Пальцы не слушались, привычных действий не могли выполнить. Но Ирина старалась. Закрепив веревку на железной изголовной коечной дуге, она просунула голову в петлю, поправила ее на шее, отдавшейся тупой ломотой в позвонках. Ире вдруг показалось, что ведь, наверное, ей будет больно, когда петля затянется, – переусердствовала сегодня Кулюкина. Потом Ира подвинулась к краю койки – матрасная сетка скрежетнула. «Успею», – подумала она, услышав, что кто-то заворочался впотьмах. Она поглядела вниз – на белом фоне кафеля четко различались темные клетки, как решетка на окне. «Надо только поджать ноги». Ирина толкнулась вперед. Дыхание ее пресеклось, кровь кинулась в голову и застучала в висках. Вены вздулись на лице. Ее руки сами собой потянулись к веревке. Ирина дернула ногой, уперлась в пол. Петля не затянулась до конца – инстинкт самосохранения победил.

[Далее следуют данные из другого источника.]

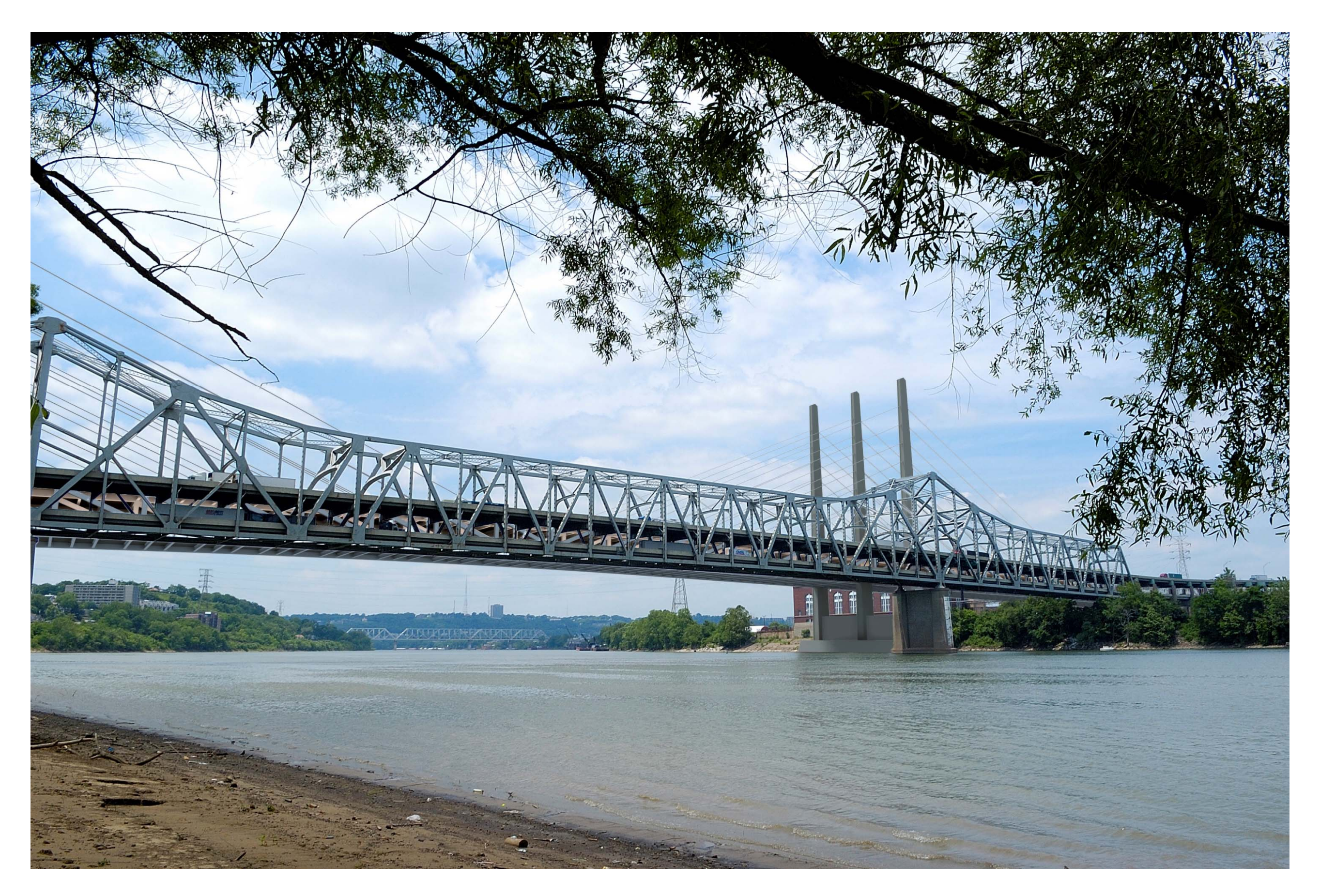
ALTERNATIVE 3 – TWO TOWER CABLE STAYED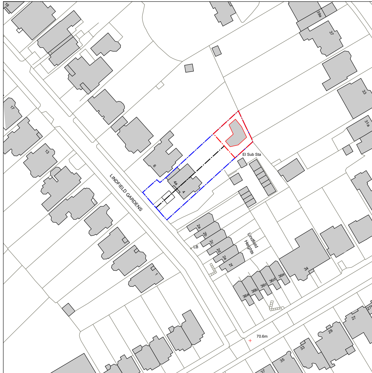
PROPOSED SITE LOCATION PLAN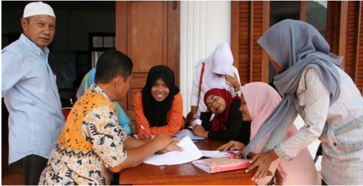
Local Bandanese from four islands gather to identify culturally significant sites within the Banda Islands on November 19, 2015.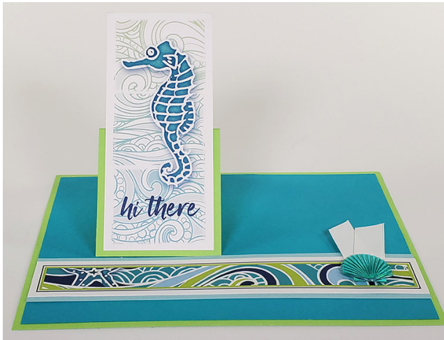
Inside: "Thinking of you."

Notes for all cards: Adhere the 1" tab of the 2¼x5¾" Lime strip onto the back of the Aqua panel, about 1" from the left edge. Center the Aqua panel onto the Lime card base. Adhere a cutapart to the bottom scored area of the 2¼x4¾" area of the Lime strip. Nest a narrow cutapart onto the 1¼x6¾" Lt. Blue strip. Fold a piece of white ribbon in half and staple to the right edge of the strip. Adhere the strip to the Aqua panel, about ½" from the bottom edge. Use a foam adhesive circle to attach a shell sequin over the staple. Add the inner sentiment to the card behind the Lime panel. Tent the card for display, and flatten for mailing.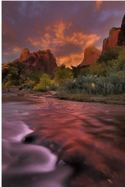
Gift of Light Sunrise over the Court of the Patriarchs, Zion National Park, Utah

For an in-depth look at Joe's work, information on photo tours and workshops, eBooks and free instructional articles and videos, please visit http://www.josephrossbach.com/index.html ; http://www.naturephotographers.net/onlinecourses .

Вдруг чья-то тень метнулась с нар, бесшумно подлетела к Ирине, схватила ее за судорожно скрючившиеся руки, сжала их и тяжело повисла на ней. Петля перетянула горло, сознание покинуло Ирину.

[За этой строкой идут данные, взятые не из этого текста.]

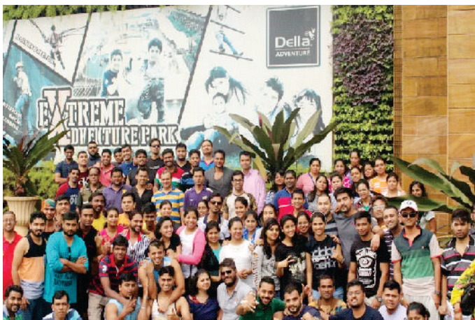
MFM/MMM Excursion to Lonavala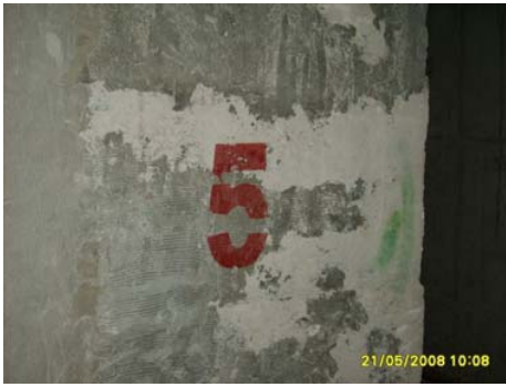
Pict 48 : 5th Floor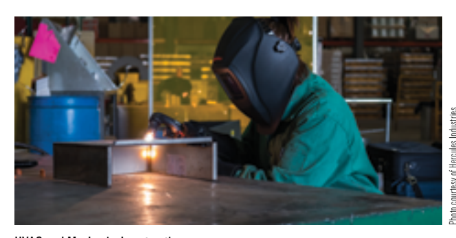
HVAC and Mechanical contracting

Property/plant maintenance, fire and rescue, general fabrication, plus: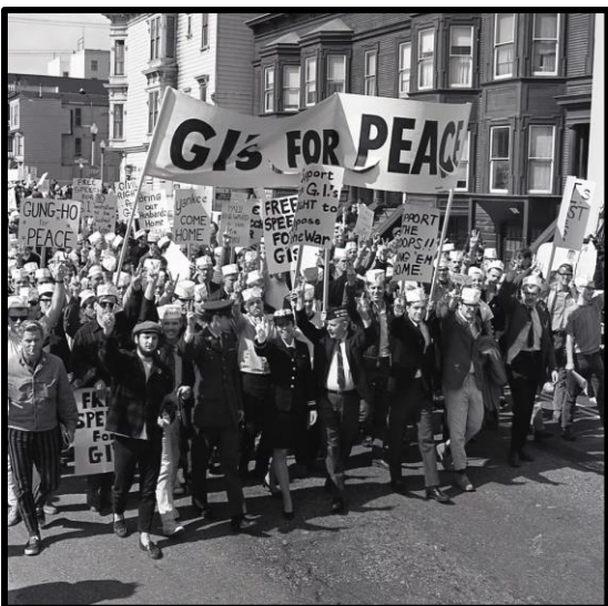
GI's protest against the Vietnam War.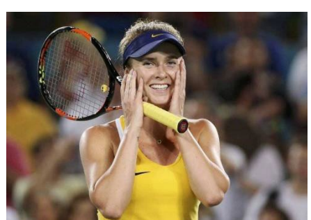
Elina Svitolina

Athletes who are innocent are being denied opportunities because they were born inside Russian borders, and stadiums and sporting facilities are not being given the opportunity to show off their love for their sport. This article has brought to light some of the ways the conflict has interrupted sport across the globe, it has also shown the resolve and character of athletes and sports stars we look up to as we all battle together against the Russian opposition, helping in any way we can, with whatever platform we have.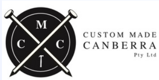
PROUD SPONSOR OF: Ethan Bates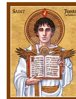
St. John the Evangelist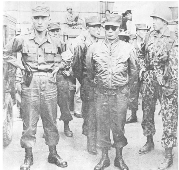
Park Chung Hee during the military coup in May 1961.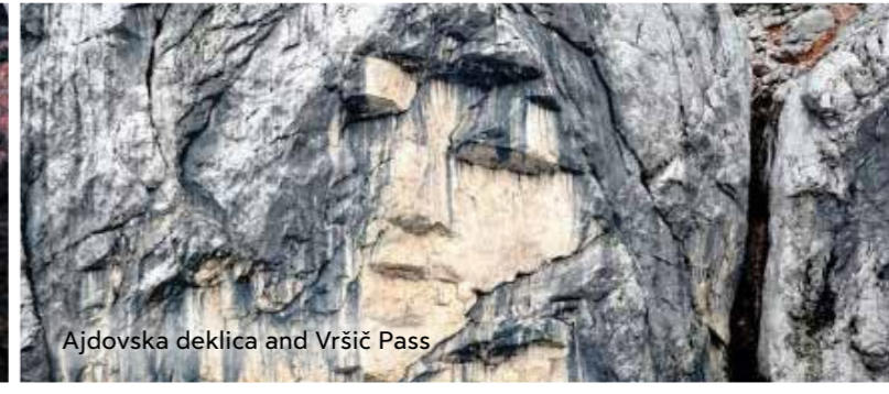
Ajdovska deklica and Vršič Pass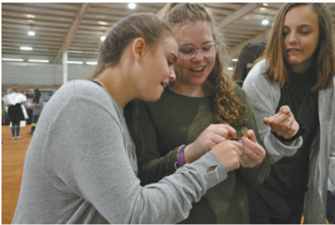
Learning about electricity and circuitry is critical in facing the shortage of skilled electricians in our area, an issue highlighted during the annual Endless Opportunities hands-on career and education event, presented by 3M of Decatur.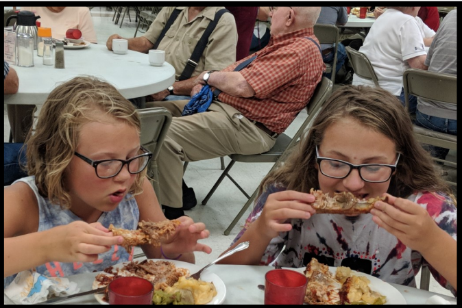
All ages can enjoy BBQ Ribs at The Center.

Indoor Display & Carving Center 1609 Broadway • Yankton, SD (605)665-3052

А потом, через бесконечность, тело Ирины с треском обрушилось, упало, как кукла на пол, ударилось головой. Неясная тень метнулась назад. Тело Ирины, конвульсивно дергаясь, разбрасывая руки и ноги, билось об кафель пола. Тотчас с лязгом отворилась дверь. Мелькнуло встревоженное лицо ночной контролерши. Раздался визг. Ирина ничего не слышала, она лежала с почерневшим лицом, вывалив язык, выпучив слепые глаза, чтобы уже никогда не видеть этого жестокого мира.
Глава 56. ЧТО СЛУЧИЛОСЬ?
Когда Юрий свернул с Пушкинской, было без десяти два. Опаздывать он не любил, а ведь придется еще искать место, где припарковаться. Прямо у корпуса вряд ли получится. Сегодня у КПРФ какая-то шумная пресс-конференция, значит, будет полно машин. Да и депутаты, как известно, пешком на работу не ходят. Значит, придется опять парковаться в соседнем дворике. Пару раз, правда, приходилось выслушивать от жильцов угрозы, что шины проткнут или поцарапают двери, но пока ничего такого не было.

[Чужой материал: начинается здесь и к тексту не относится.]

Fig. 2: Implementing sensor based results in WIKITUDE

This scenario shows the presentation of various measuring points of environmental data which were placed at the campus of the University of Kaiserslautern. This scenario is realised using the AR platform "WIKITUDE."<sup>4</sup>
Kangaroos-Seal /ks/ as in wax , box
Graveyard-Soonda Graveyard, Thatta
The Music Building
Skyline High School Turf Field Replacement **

Да, действительно, у депутатского корпуса припарковаться не получилось. Юрий проехал мимо входа в здание, развернулся и покатил обратно, к въезду во двор.
Двор был пуст. Только какой-то однорукий верзила вошел с улицы, когда Юрий закрывал машину. Включив сигнализацию, Гордеев направился к выходу. Однорукий, как видно, не мог найти нужный дом, потому что вышел из дворика сразу за ним и, обогнав, быстро зашагал по мостовой, скрывшись за стоящим у обочины автобусом. Юрий посмотрел на часы. Было без трех два.
– Опаздываю, черт… – ругнулся он и ускорил шаг.
Однорукий был между автобусами. Видно, он не москвич, раз решил, что тут жилые дома. Гордеев, проходя мимо этого однорукого, вдруг заметил, что тот странно посмотрел на него. Но какое это имело значение?..
Все произошло, когда он уже взялся за ручку парадной. Что-то хлопнуло за спиной, кто-то закричал: «Ложись!» – и толкнул Гордеева в спину. Споткнувшись, Юрий Петрович полетел на асфальт, а вокруг загремели выстрелы и закричали люди.
Все закончилось так же быстро, как и началось. Кто-то поднял Юрия на ноги, несколько милиционеров сразу начали ощупывать его, хлопать по плечу и говорить, что он в рубашке родился, кто-то вдруг потребовал у него документы и захотел обыскать.
– А что случилось? – бормотал он, ничего не понимая. – Тут кто-то стрелял, да?
– Стрелял, конечно, стрелял!
Из парадной выскочили первые журналисты с видеокамерами. В нос Гордееву ткнулось сразу несколько микрофонов, но тут же пропали, оттесненные милицией.